____ Data shown

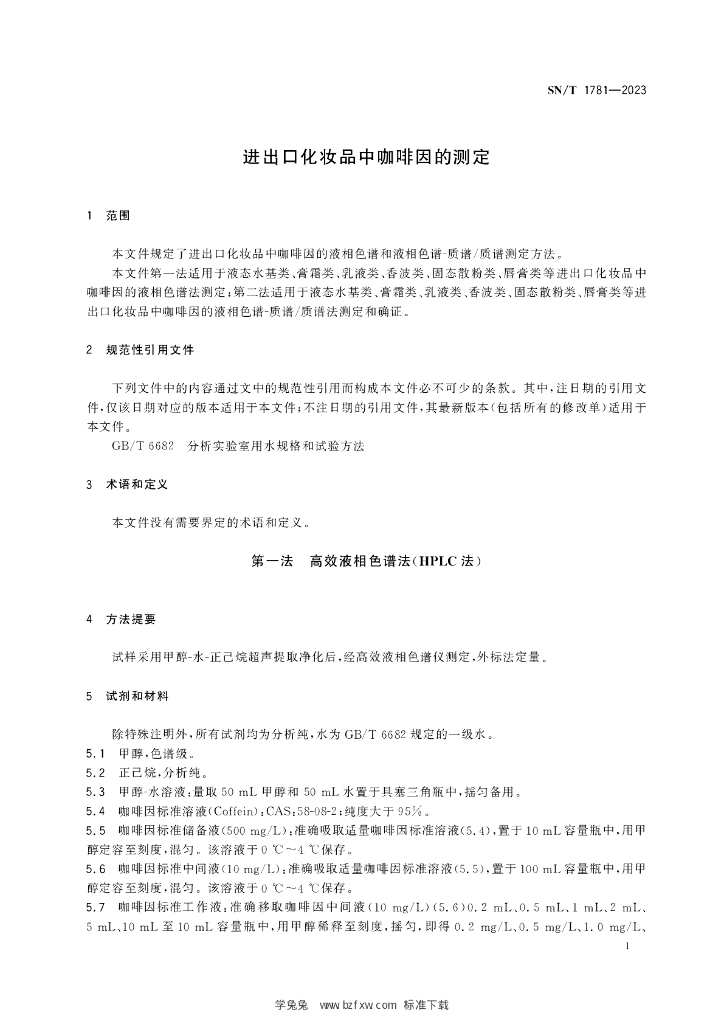 SN/T 1781-2023 进出口化妆品中咖啡因的测定
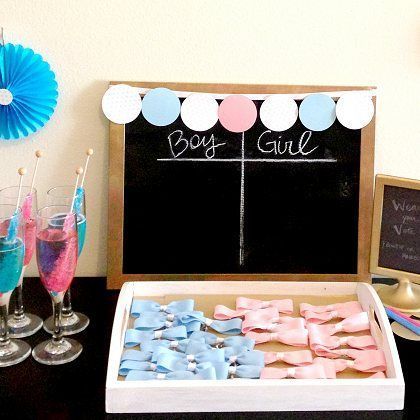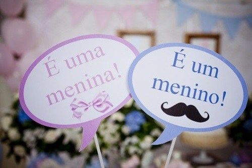Durante a festa, podem ser feitas apostas entre os convidados. Os palpites são anotados em uma lousa e, depois da revelação, conferidos para saber quem acertou na hora de adivinhar o sexo do bebê! Algumas plaquinhas também são usadas para dividir as opiniões na comemoração, como essas de “É menino” e “É menina”.
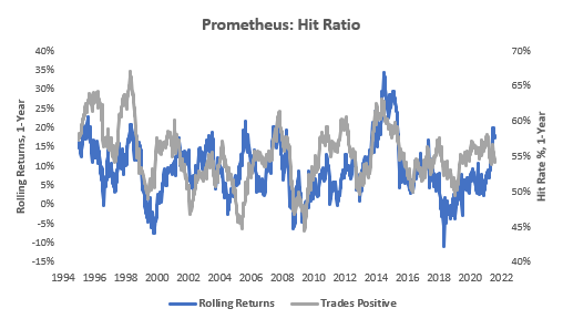 Last week, our Alpha Strategy suffered losses as market moves turned against Commodity & Equity exposures. These losses were somewhat offset by gains in FX exposures, i.e., long USDMXN. Our Hit Ratios on a rolling one-year basis remained at 54%, but down from the peak earlier this year at 57%:

________

**Aim of the exercise**
None of the pictures should be kept; reproduce all the remaining material exactly.

**Written response**
 SN/T 1781-2023 进出口化妆品中咖啡因的测定
Durante a festa, podem ser feitas apostas entre os convidados. Os palpites são anotados em uma lousa e, depois da revelação, conferidos para saber quem acertou na hora de adivinhar o sexo do bebê! Algumas plaquinhas também são usadas para dividir as opiniões na comemoração, como essas de “É menino” e “É menina”.
 Last week, our Alpha Strategy suffered losses as market moves turned against Commodity & Equity exposures. These losses were somewhat offset by gains in FX exposures, i.e., long USDMXN. Our Hit Ratios on a rolling one-year basis remained at 54%, but down from the peak earlier this year at 57%:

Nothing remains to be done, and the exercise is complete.